Exercise aim:
Please output every line of the material as it stands, without the pictures.

Records shown:
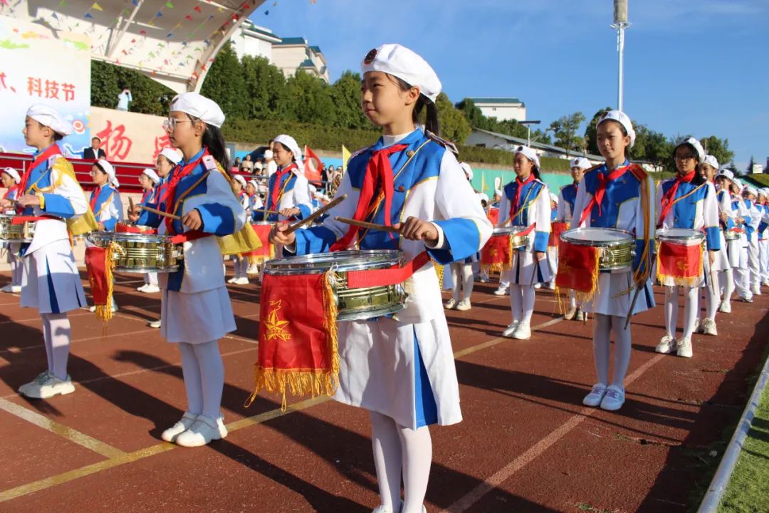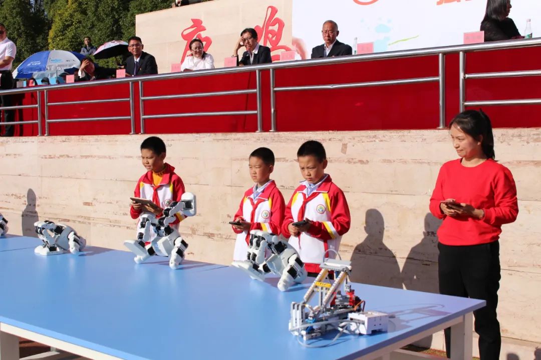 跟随跳动的音符、舒展青春的身姿,千人大课间操表演用别样方式诠释着青春与活力。伴随着慷慨激昂的鼓声,小学部原创群舞表演《深岭狮唤》带来天籁狮音,睡狮猛醒,欢腾嬉戏,福泽彝乡。无人机、机器人表演带领大家领略科技魅力,展示出新时代少年爱科学、学科学、用科学的热情。师生气排球表演描绘出一幅生机勃勃、活力四射的运动图景,将现场气氛推向高潮。
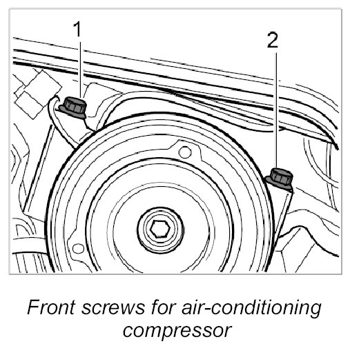 5.2. Screw in front Torx screws for air-conditioning compressor (M8 x 90) -1- and -2-.
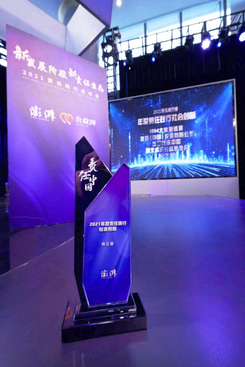 圖:燕之屋榮獲澎湃新聞“2021年度責任踐行社會創(chuàng)新”獎項
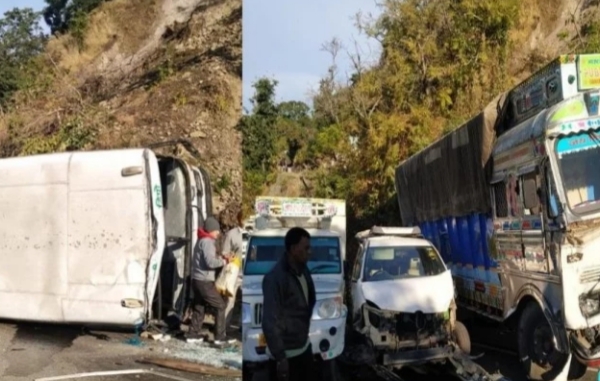 उत्तराखंड के पहाड़ मैं शुक्रवार को सुबह भीमताल-हल्द्वानी मोटर मार्ग पर कई वाहनों के आपस में टकराने से एक हादसा हो गया जो मीडिया को जानकारी मिली उसके अनुसार क्वराली के पास अन्य वाहन को बचाने के प्रयास में रोडवेज बस अनियंत्रित होकर सड़क पर पलट गई। ओर तभी बस से एक ट्रक,ओर कार व एक बाइक सवार भी टकरा गए
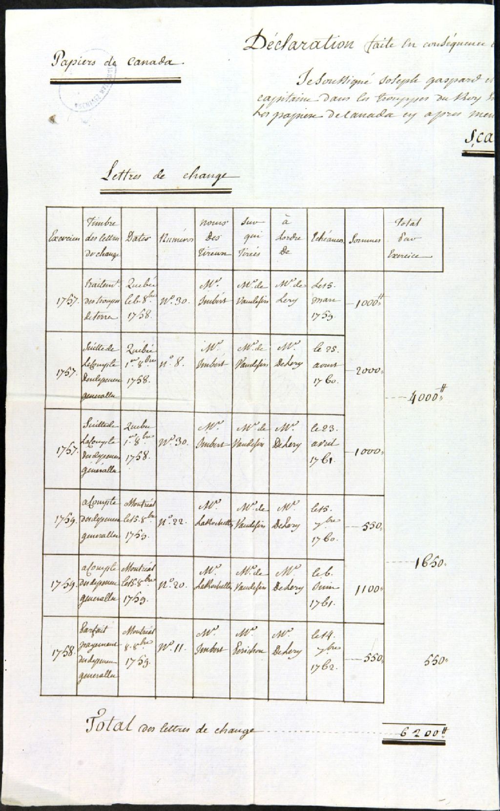 Déclaration des lettres de change et des billets de monnaie ou ordonnances de Gaspard-Joseph Chaussegros de Léry faite en conséquence de l'arrêt du Conseil du 24 décembre 1762
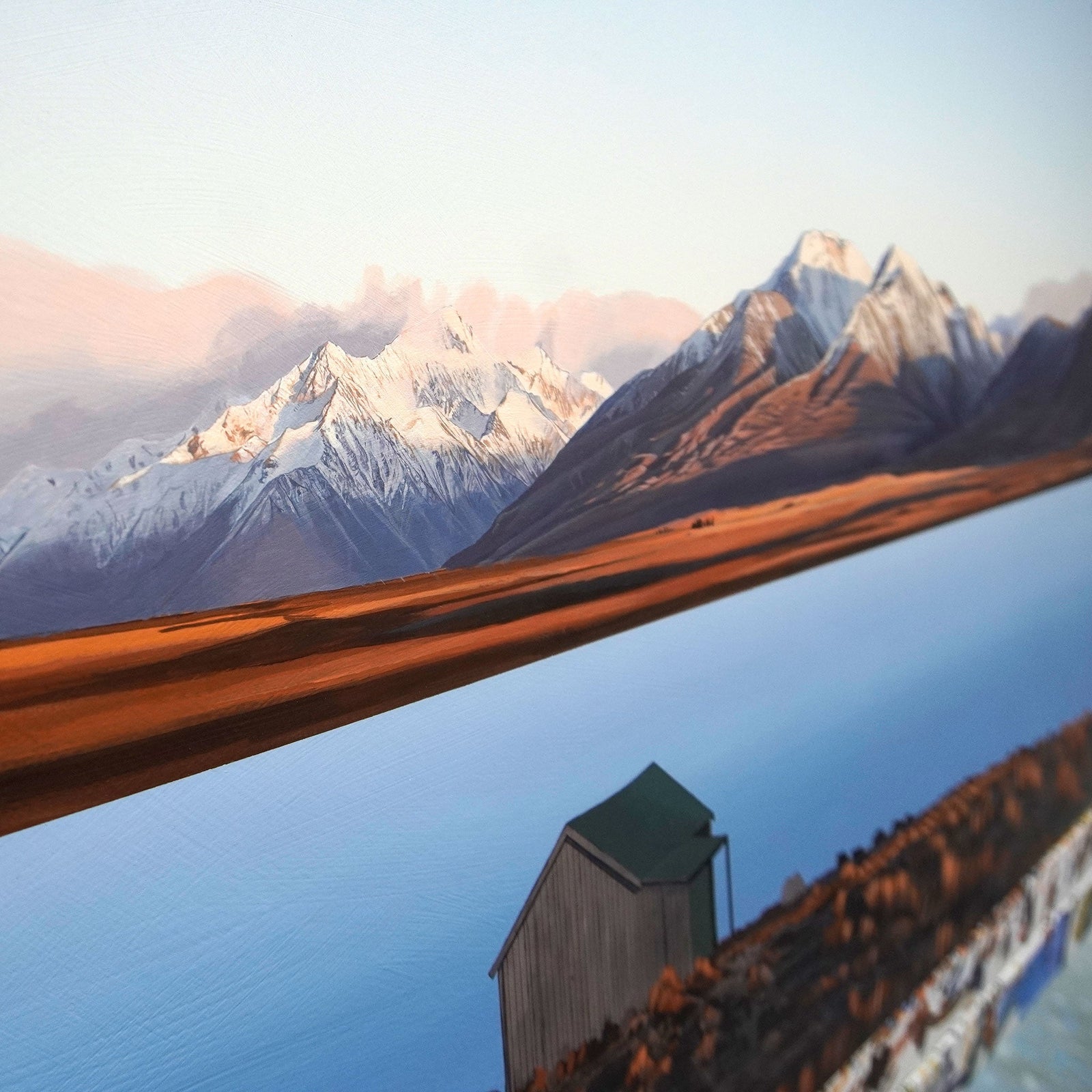 The Lake Emma painting is evolving into a masterpiece of gorgeous colour and detail. At 1200 x 700mm the space in this new work is allowing me to incorporate some very intricate detail in the mountains, and will allow me to also paint the fine sun-lit tussocks in the foreground.
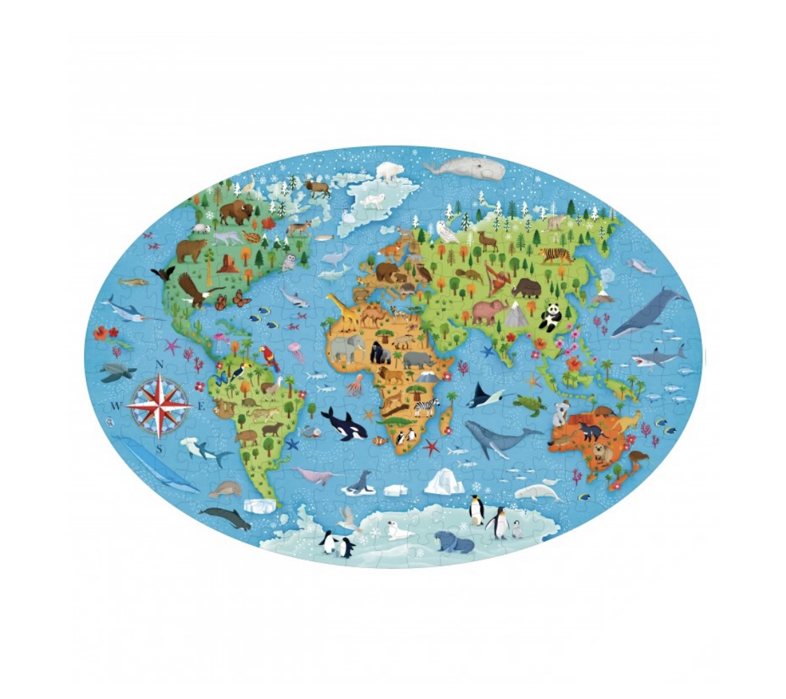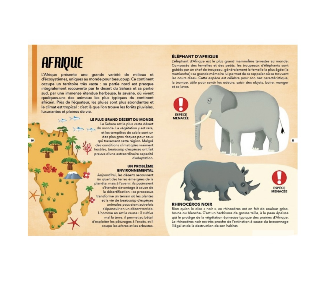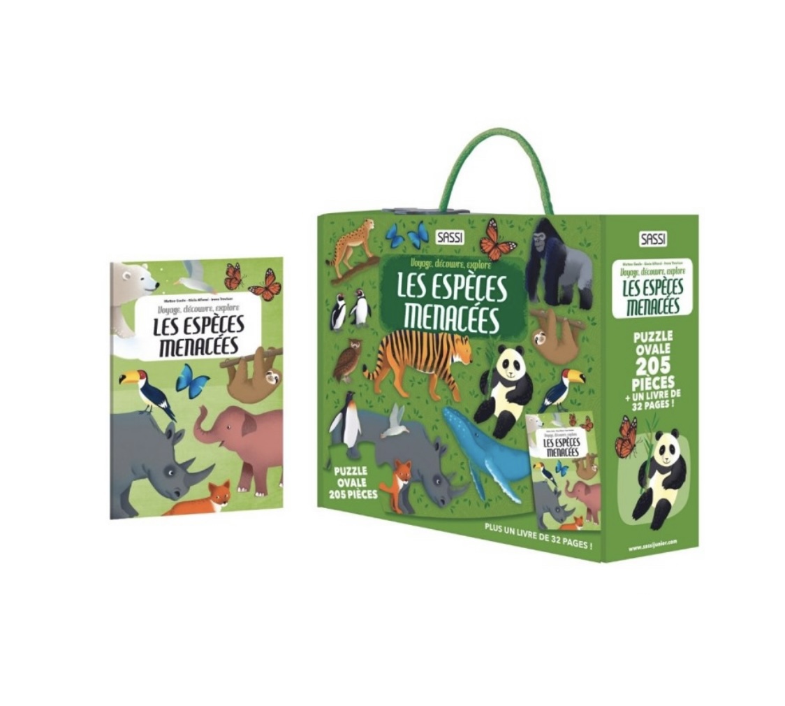Assemble ce puzzle pour connaître les animaux qui peuplent les différents continents, puis lis ce livre pour en savoir plus sur les espèces menacées d’extinction.
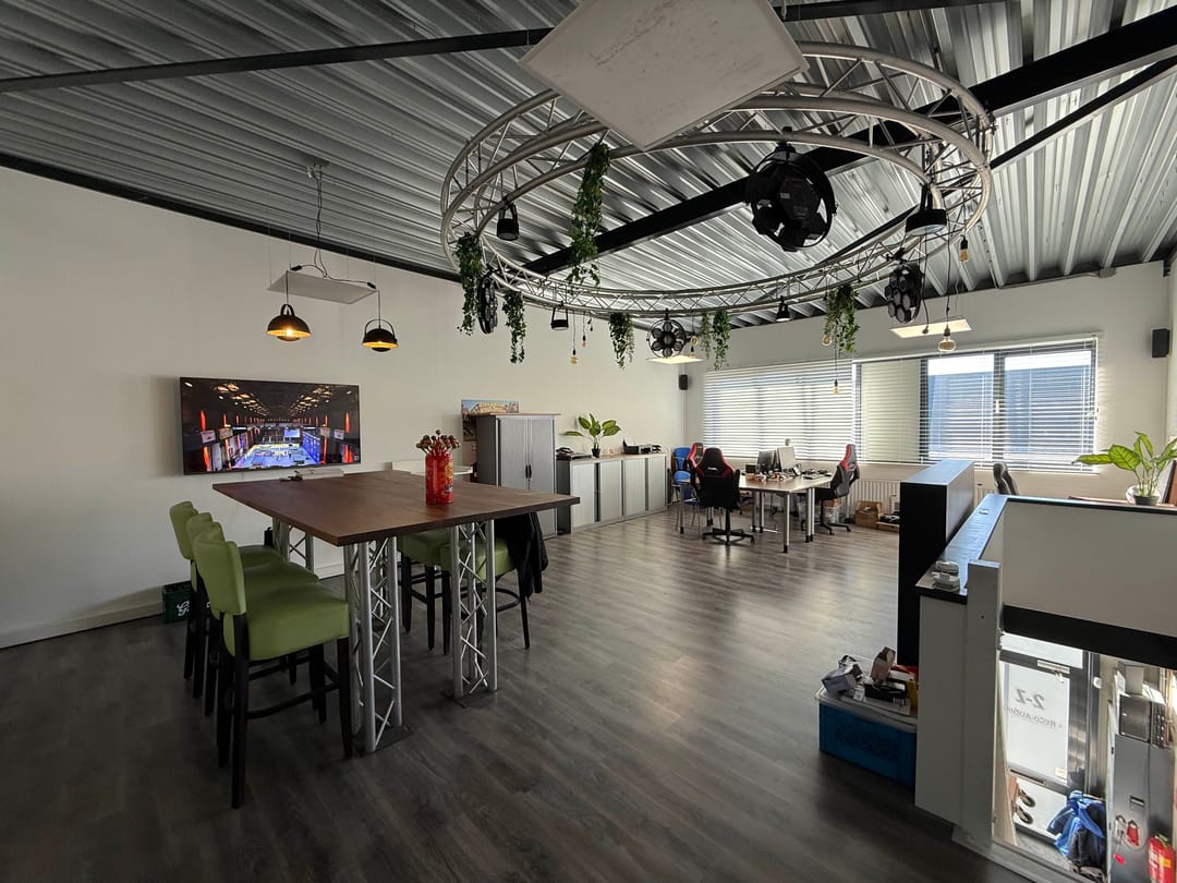 Entree, open bedrijfsruimte met toilet, trapopgang naar verdieping (kantoorruimte).

Solution for this problem:
 跟随跳动的音符、舒展青春的身姿,千人大课间操表演用别样方式诠释着青春与活力。伴随着慷慨激昂的鼓声,小学部原创群舞表演《深岭狮唤》带来天籁狮音,睡狮猛醒,欢腾嬉戏,福泽彝乡。无人机、机器人表演带领大家领略科技魅力,展示出新时代少年爱科学、学科学、用科学的热情。师生气排球表演描绘出一幅生机勃勃、活力四射的运动图景,将现场气氛推向高潮。
 5.2. Screw in front Torx screws for air-conditioning compressor (M8 x 90) -1- and -2-.
 圖:燕之屋榮獲澎湃新聞“2021年度責任踐行社會創(chuàng)新”獎項
 उत्तराखंड के पहाड़ मैं शुक्रवार को सुबह भीमताल-हल्द्वानी मोटर मार्ग पर कई वाहनों के आपस में टकराने से एक हादसा हो गया जो मीडिया को जानकारी मिली उसके अनुसार क्वराली के पास अन्य वाहन को बचाने के प्रयास में रोडवेज बस अनियंत्रित होकर सड़क पर पलट गई। ओर तभी बस से एक ट्रक,ओर कार व एक बाइक सवार भी टकरा गए
 Déclaration des lettres de change et des billets de monnaie ou ordonnances de Gaspard-Joseph Chaussegros de Léry faite en conséquence de l'arrêt du Conseil du 24 décembre 1762
 The Lake Emma painting is evolving into a masterpiece of gorgeous colour and detail. At 1200 x 700mm the space in this new work is allowing me to incorporate some very intricate detail in the mountains, and will allow me to also paint the fine sun-lit tussocks in the foreground.
Assemble ce puzzle pour connaître les animaux qui peuplent les différents continents, puis lis ce livre pour en savoir plus sur les espèces menacées d’extinction.
 Entree, open bedrijfsruimte met toilet, trapopgang naar verdieping (kantoorruimte).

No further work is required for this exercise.